• The task: Further down are entries; set down exactly and only the lines from the one with "Elegancki kantar, który" up to and including the one with "q—當潔凈室為某一壓差值時,其圍護結構單位長度縫隙的滲漏風量(m3/h·m);        L—圍護結構的縫隙長度(m)。", dropping each picture.

• Data:
▼

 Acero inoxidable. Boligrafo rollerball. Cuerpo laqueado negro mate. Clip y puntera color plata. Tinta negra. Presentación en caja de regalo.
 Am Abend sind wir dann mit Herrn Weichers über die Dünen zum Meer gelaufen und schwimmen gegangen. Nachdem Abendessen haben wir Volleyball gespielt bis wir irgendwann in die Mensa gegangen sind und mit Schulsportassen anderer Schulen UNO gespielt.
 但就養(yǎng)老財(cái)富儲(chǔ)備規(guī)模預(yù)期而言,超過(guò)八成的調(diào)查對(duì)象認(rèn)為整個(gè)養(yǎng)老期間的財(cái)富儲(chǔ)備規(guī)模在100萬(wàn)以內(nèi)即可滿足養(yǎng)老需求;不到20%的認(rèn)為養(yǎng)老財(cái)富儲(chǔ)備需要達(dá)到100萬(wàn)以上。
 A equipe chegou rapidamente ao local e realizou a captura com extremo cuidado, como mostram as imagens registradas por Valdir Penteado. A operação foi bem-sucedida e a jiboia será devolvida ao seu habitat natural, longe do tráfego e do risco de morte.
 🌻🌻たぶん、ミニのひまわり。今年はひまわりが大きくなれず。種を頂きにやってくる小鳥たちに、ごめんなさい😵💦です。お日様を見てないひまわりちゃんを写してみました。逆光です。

▲
▼

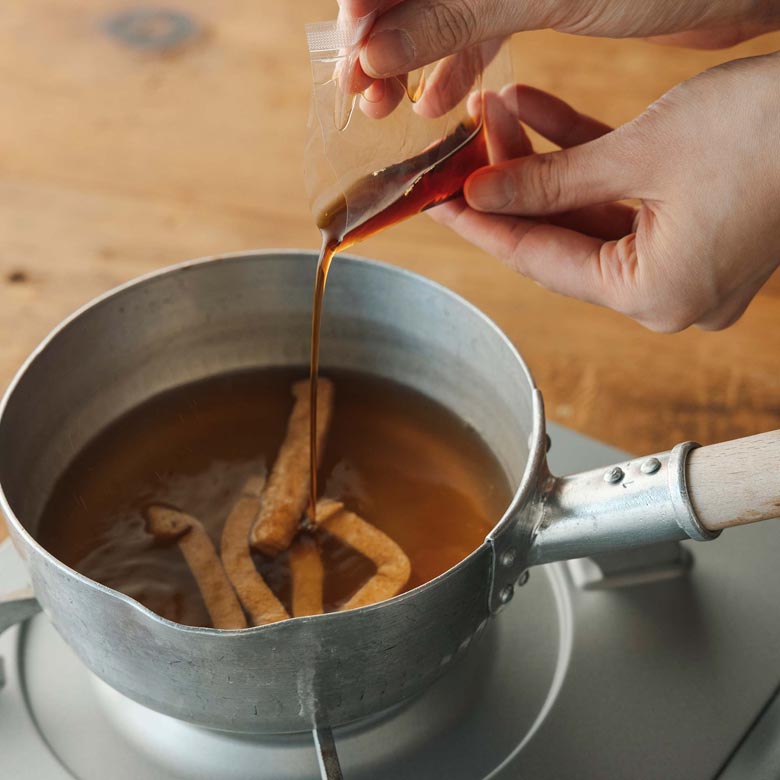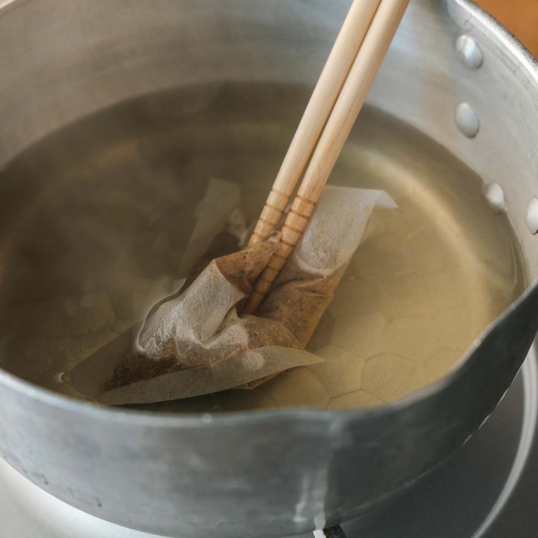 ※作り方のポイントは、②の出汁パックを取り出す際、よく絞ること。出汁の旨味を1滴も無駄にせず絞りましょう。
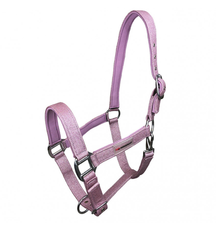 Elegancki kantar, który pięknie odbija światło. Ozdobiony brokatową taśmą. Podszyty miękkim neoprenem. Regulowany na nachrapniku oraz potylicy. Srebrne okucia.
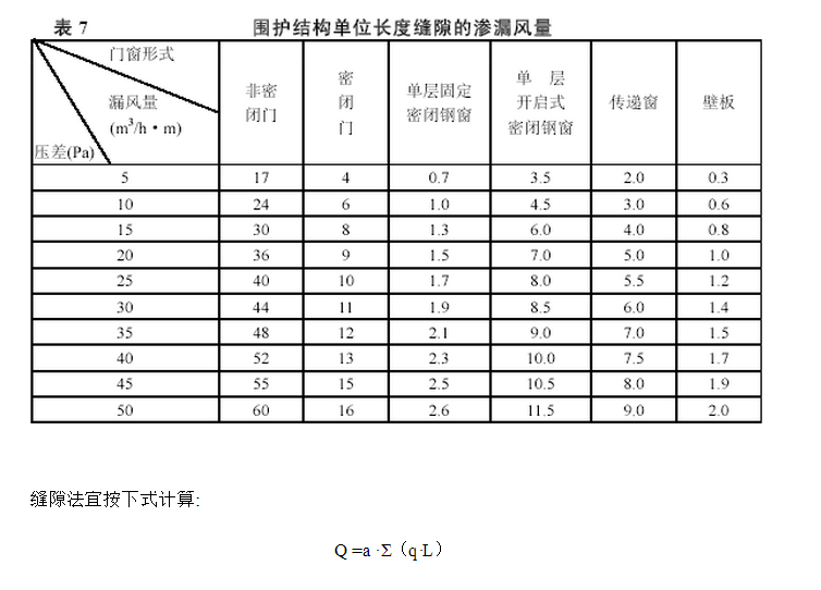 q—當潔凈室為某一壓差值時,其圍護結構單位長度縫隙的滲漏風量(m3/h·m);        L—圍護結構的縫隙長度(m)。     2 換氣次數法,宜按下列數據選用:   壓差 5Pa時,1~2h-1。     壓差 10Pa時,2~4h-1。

▲

• Exercise answer:
 Elegancki kantar, który pięknie odbija światło. Ozdobiony brokatową taśmą. Podszyty miękkim neoprenem. Regulowany na nachrapniku oraz potylicy. Srebrne okucia.
 q—當潔凈室為某一壓差值時,其圍護結構單位長度縫隙的滲漏風量(m3/h·m);        L—圍護結構的縫隙長度(m)。     2 換氣次數法,宜按下列數據選用:   壓差 5Pa時,1~2h-1。     壓差 10Pa時,2~4h-1。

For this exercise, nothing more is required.